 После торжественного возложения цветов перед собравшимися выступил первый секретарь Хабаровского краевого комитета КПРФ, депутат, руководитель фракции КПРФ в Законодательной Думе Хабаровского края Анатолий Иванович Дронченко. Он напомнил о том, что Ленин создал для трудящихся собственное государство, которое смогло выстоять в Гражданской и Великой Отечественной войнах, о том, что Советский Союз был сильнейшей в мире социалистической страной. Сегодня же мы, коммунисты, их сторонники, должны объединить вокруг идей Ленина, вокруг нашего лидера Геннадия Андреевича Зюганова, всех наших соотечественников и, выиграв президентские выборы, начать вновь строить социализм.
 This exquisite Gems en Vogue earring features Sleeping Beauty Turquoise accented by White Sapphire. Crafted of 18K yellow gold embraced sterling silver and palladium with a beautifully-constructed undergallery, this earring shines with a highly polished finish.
· · · ·
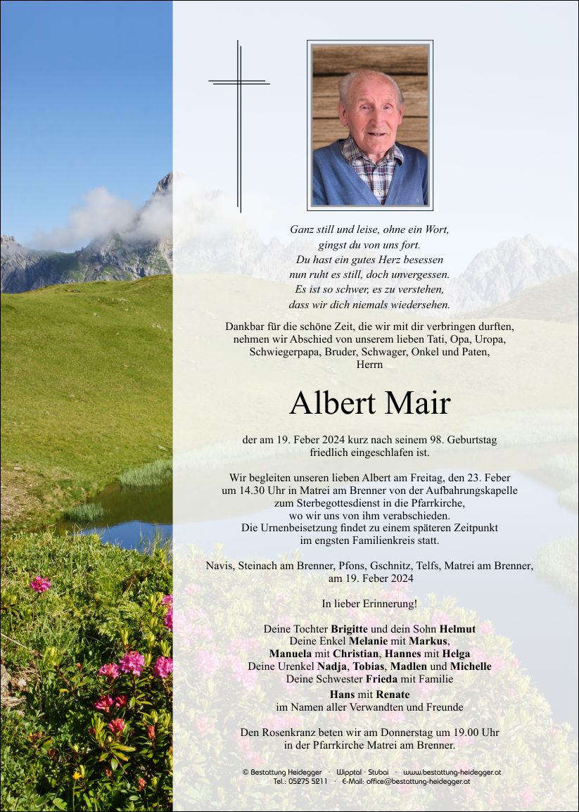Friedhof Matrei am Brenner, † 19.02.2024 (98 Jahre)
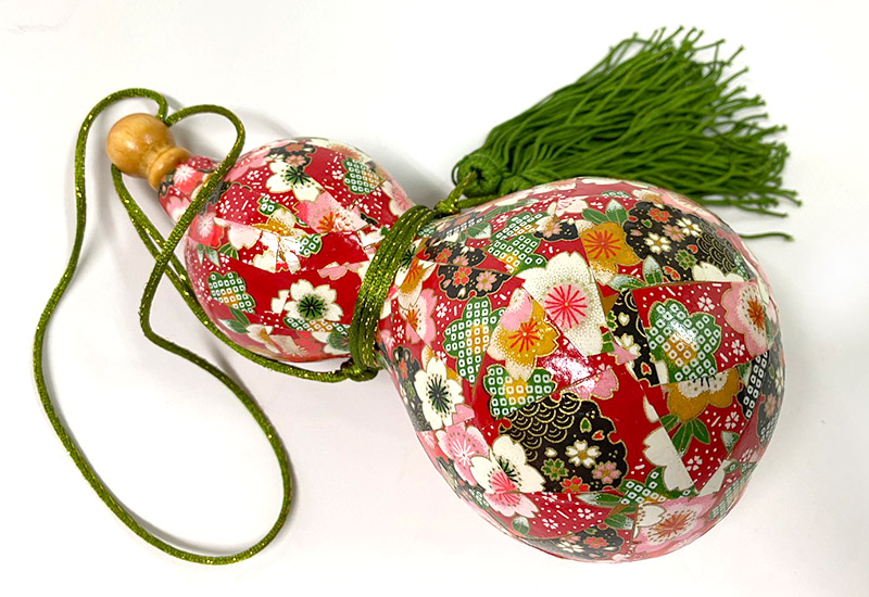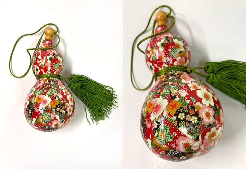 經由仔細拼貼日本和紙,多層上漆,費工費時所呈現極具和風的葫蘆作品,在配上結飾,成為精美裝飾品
· · · ·
INSTRUCTIONS TO FOLLOW »
Beginning at the line above that contains "Friedhof Matrei am" and going on through the line that contains "經由仔細拼貼日本和紙,多層上", please copy every line exactly, leaving the pictures out and adding nothing.

SOLVED PROBLEM »
Friedhof Matrei am Brenner, † 19.02.2024 (98 Jahre)
 經由仔細拼貼日本和紙,多層上漆,費工費時所呈現極具和風的葫蘆作品,在配上結飾,成為精美裝飾品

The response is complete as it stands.